- GIVEN INFORMATION -
---*---

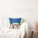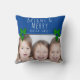 Holly Berry Tree Plant Blue Bright Feliz Travesseiro decorativo de Natal. Adicione sua foto e seu nome.
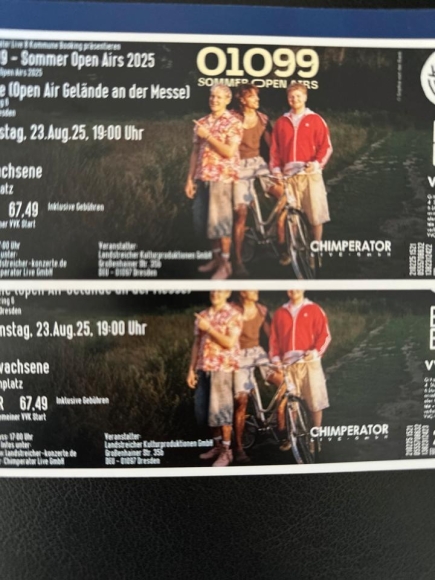 Verkaufe 2 Karten für das 01099 Openair in Dresden. Da ich leider nicht kann.
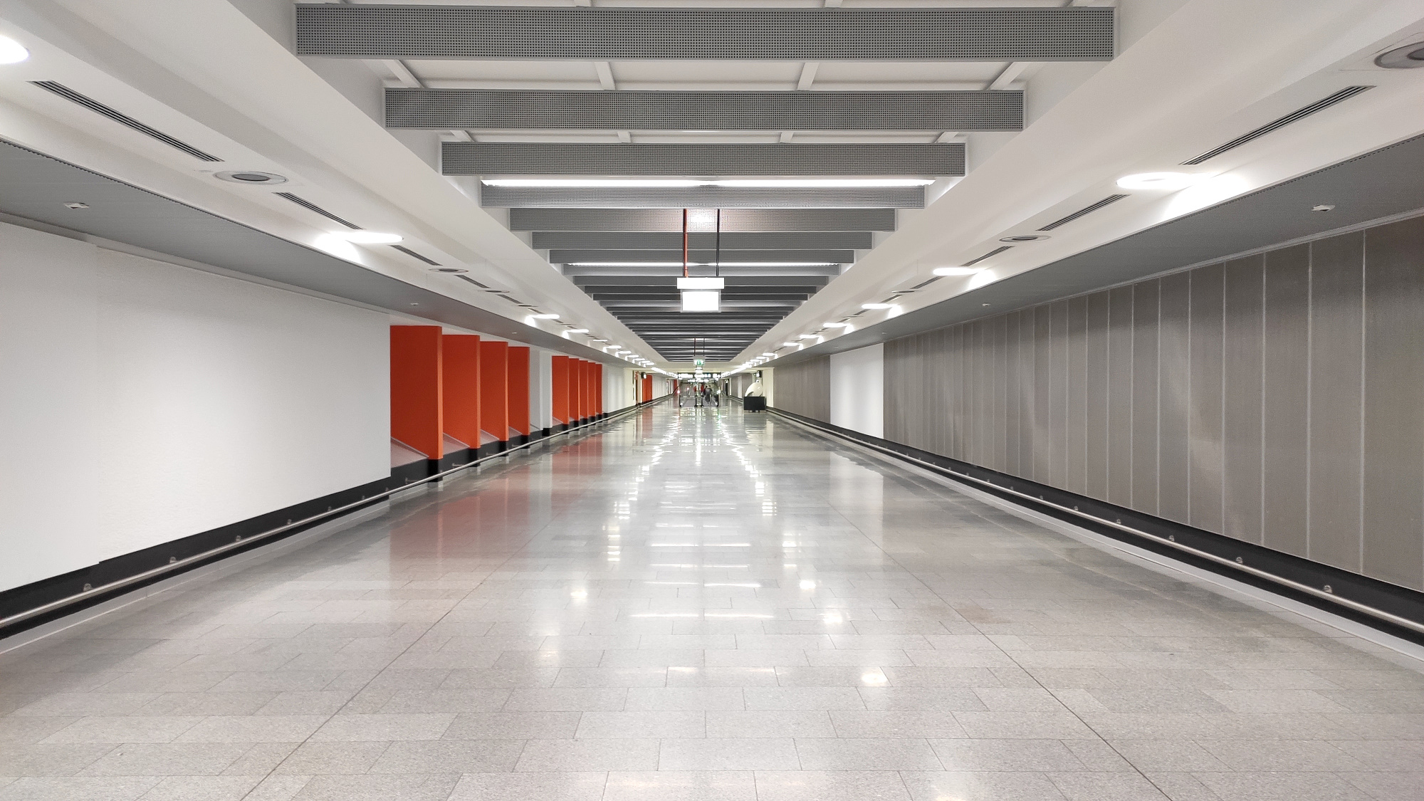Это переход уже как бы и не в аэропорту, он идёт от терминала и жд станции до отеля Moxy и дальней парковки.
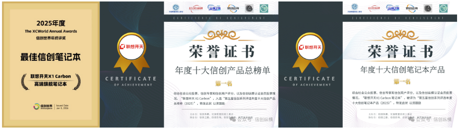 作为首款实现“CPU+GPU+NPU”国产异构算力融合的信创本,X7通过与海光的联合深度调优,首次在核心性能上比肩国际主流产品,并内嵌个人智能体,能够从容应对高负载专业应用与本地AI推理需求。这一突破性表现,使其横扫行业大奖:不仅包揽PConline“智臻信创黑马”、中关村在线“年度创新笔记本”及机锋网“最佳信创笔记本”三项殊荣,更在信创领域荣获信创世界“最佳信创AI PC”及信创纵横“年度十大信创笔记本”榜单第二名。联想开天X7的成功,标志着信创笔记本正式迈入国产PC的高性能新时代。

---*---

Return, unchanged, the lines from the first line of the material through the line that holds "Verkaufe 2 Karten", inclusive, omitting pictures.

- FINISHED TASK -
 Holly Berry Tree Plant Blue Bright Feliz Travesseiro decorativo de Natal. Adicione sua foto e seu nome.
 Verkaufe 2 Karten für das 01099 Openair in Dresden. Da ich leider nicht kann.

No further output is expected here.